If we analyze the same table now, we see that A has 45 votes, on the other hand, C has 55 votes. This makes C clearly the winner. Withdrawal of a candidate changed the winner, this means that A was not really the choice of the majority, most people preferred C over A. Due to the presence of B, people preferred B over C which led to the reduction of C’s votes and eventually to the victory of A. Ideally the addition or withdrawal of a candidate should not have mattered. This proves that the system of voting is not fair and can be influenced by a well-thought strategy by any candidate.
If we extend the situation to real elections with many more voters and candidates, we see that to win you don’t necessarily have to be the choice of the majority, just placing a few candidates who can reduce the votes of the candidate stronger than you might secure your win! Possibly a perfect strategy to defy (or manipulate?) the will of the majority.
We see a lot of real-life examples of candidates using these strategies to manipulate election results. This puts the voter in a bit of a dilemma. Suppose there are two strong candidates in an election, and one of them is using this strategy.
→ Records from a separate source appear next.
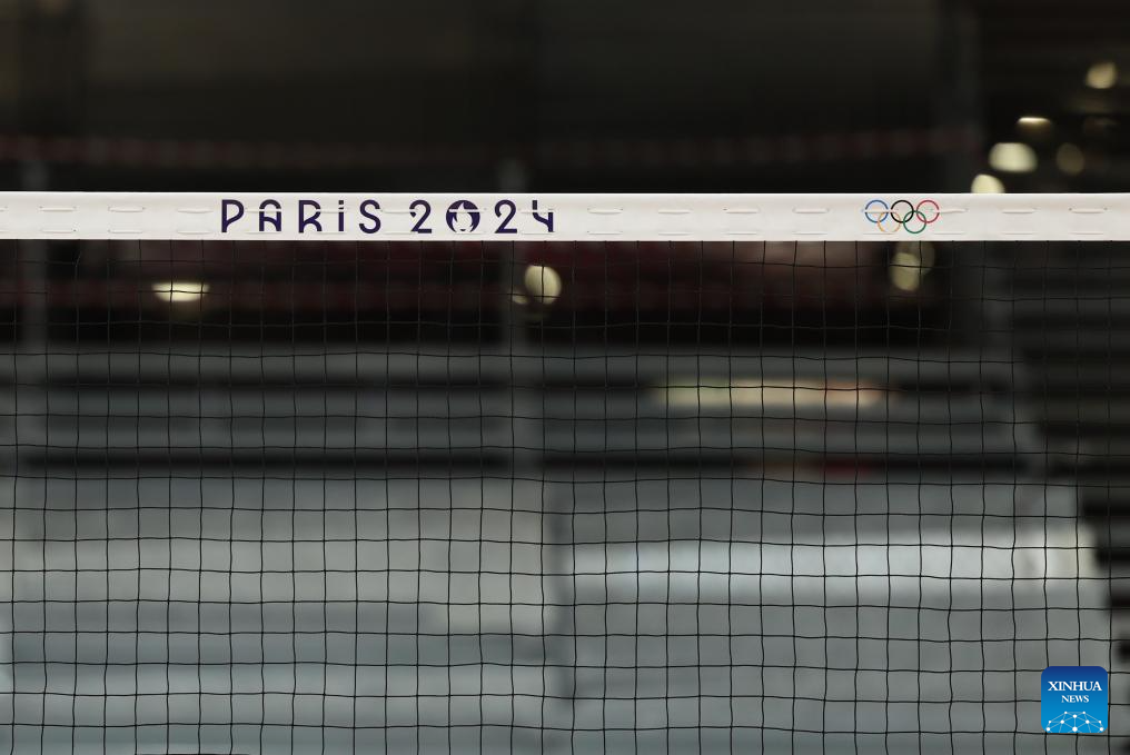 This photo taken on July 11, 2024 shows the volleyball facilities in the South Paris Arena, in Paris, France. The South Paris Arena will host sports events like weightlifting, handball, table tennis and volleyball during the Paris 2024 Olympic Games. (Photo by Julien Mattia/Xinhua)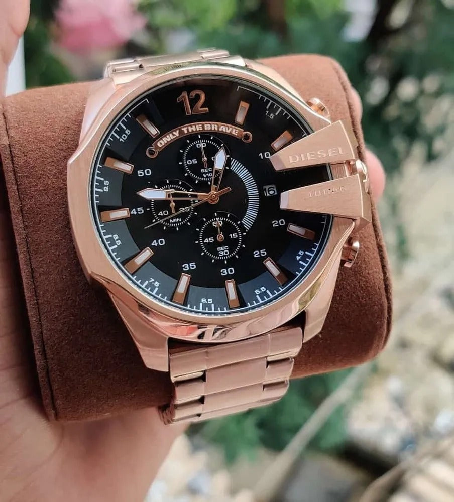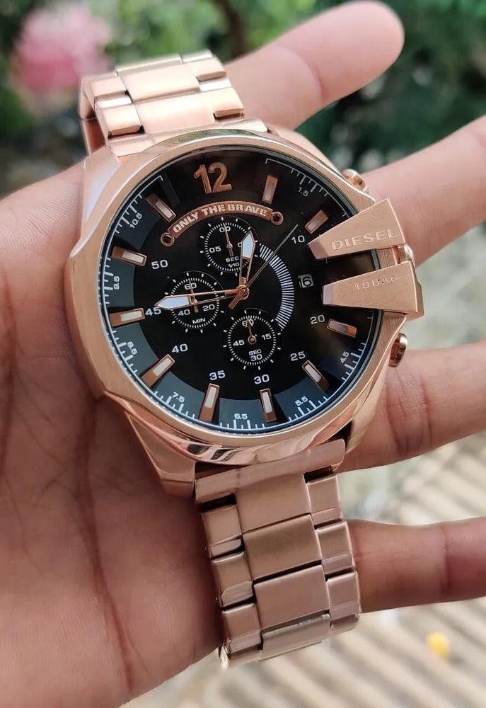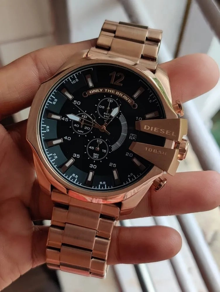 Diesel Mega Chief Chronograph Full Rose Gold Black Dial Men's Watch For Man DZ-10065 Gift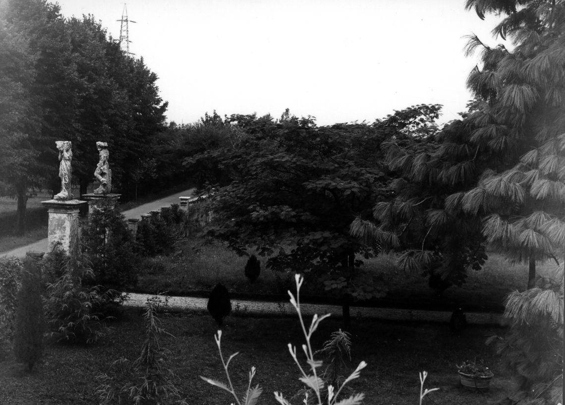 - Descrizione: Sui pilastri del cancello in asse con la villa due grandi statue in pietra: a sinistra Ercole, a destra Sisifo.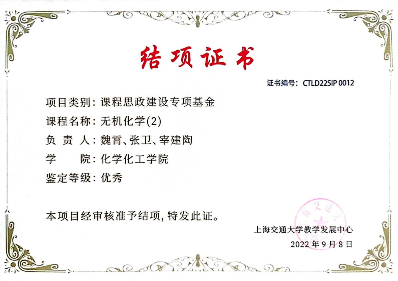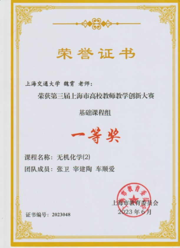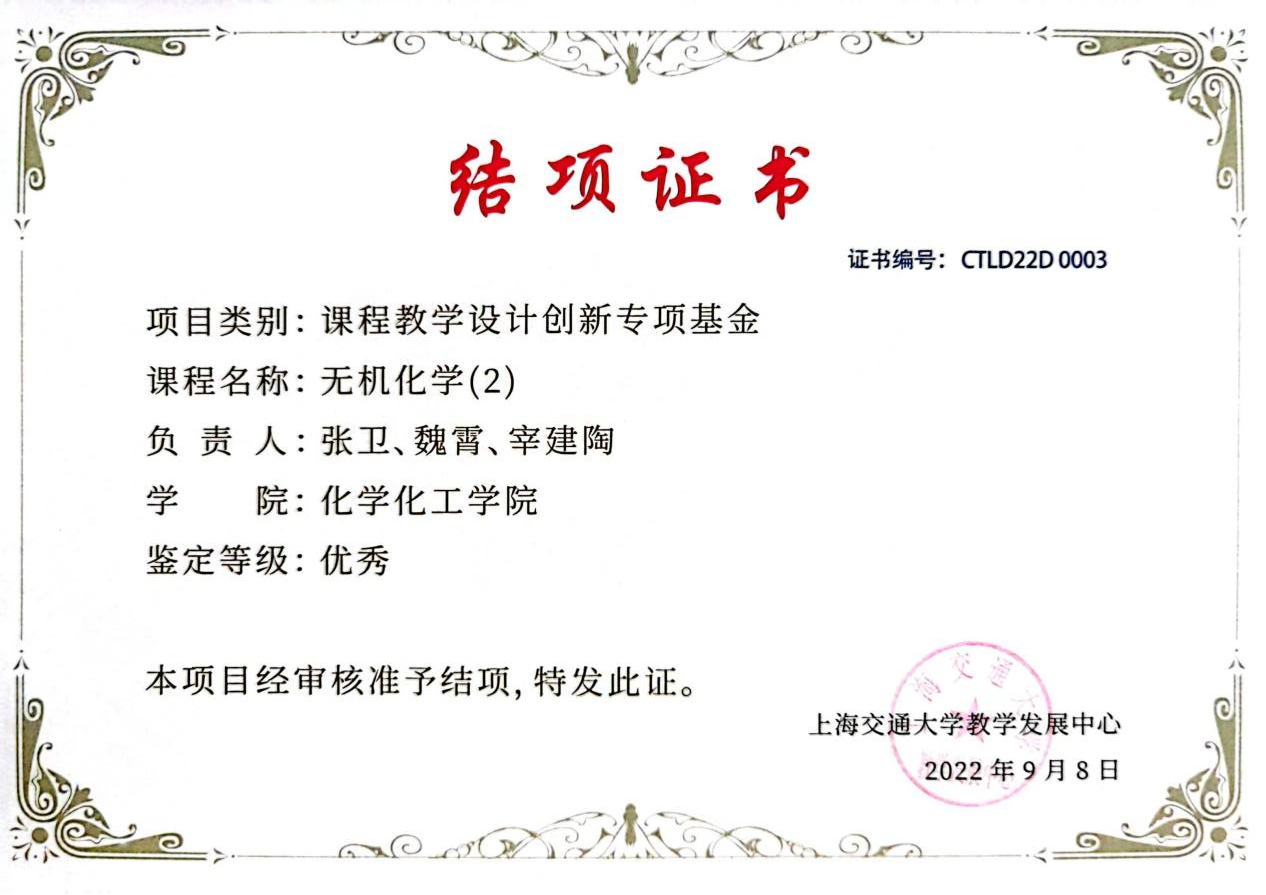 经过了近五年的改革和探索,《无机化学(2)》相继获得欧美a片 课程教学设计创新专项基金优秀项目、课程思政建设专项基金优秀项目、课程思政建设优秀案例,并于2023年获得上海市第三届高校教师教学设计创新大赛一等奖,相关成果多次应邀在2025高等学校无机化学教学交流会等会议上做大会报告。

Now as a voter, should we vote for the candidate which we feel is the best (whose chances of winning are bleak), or should we think strategically and vote for the best out of the two strong candidates?
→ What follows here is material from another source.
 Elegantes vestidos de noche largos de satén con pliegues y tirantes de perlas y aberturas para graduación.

So is it okay to speak the truth only when it doesn’t matter? It is safe to conclude yes in the matter of elections. Vote with your hearts when you expect the decision to be in your favour or you are not affected by the results. But if it’s a tie, it’s time to don your game-theoretical hat and vote strategically.
References
- Liberto, Daniel. “Arrow’s Impossibility Theorem Definition.” Investopedia. Available at: https://www.investopedia.com/terms/a/arrows-impossibility-theorem.asp.
- Morreau, Michael. “Arrow’s Theorem.” Stanford Encyclopedia of Philosophy. Available at: https://plato.stanford.edu/entries/arrows-theorem/.
- Dixit, Avinash K., and Barry J. Nalebuff. The Art of Strategy. W.W. NORTON & CO., 2008.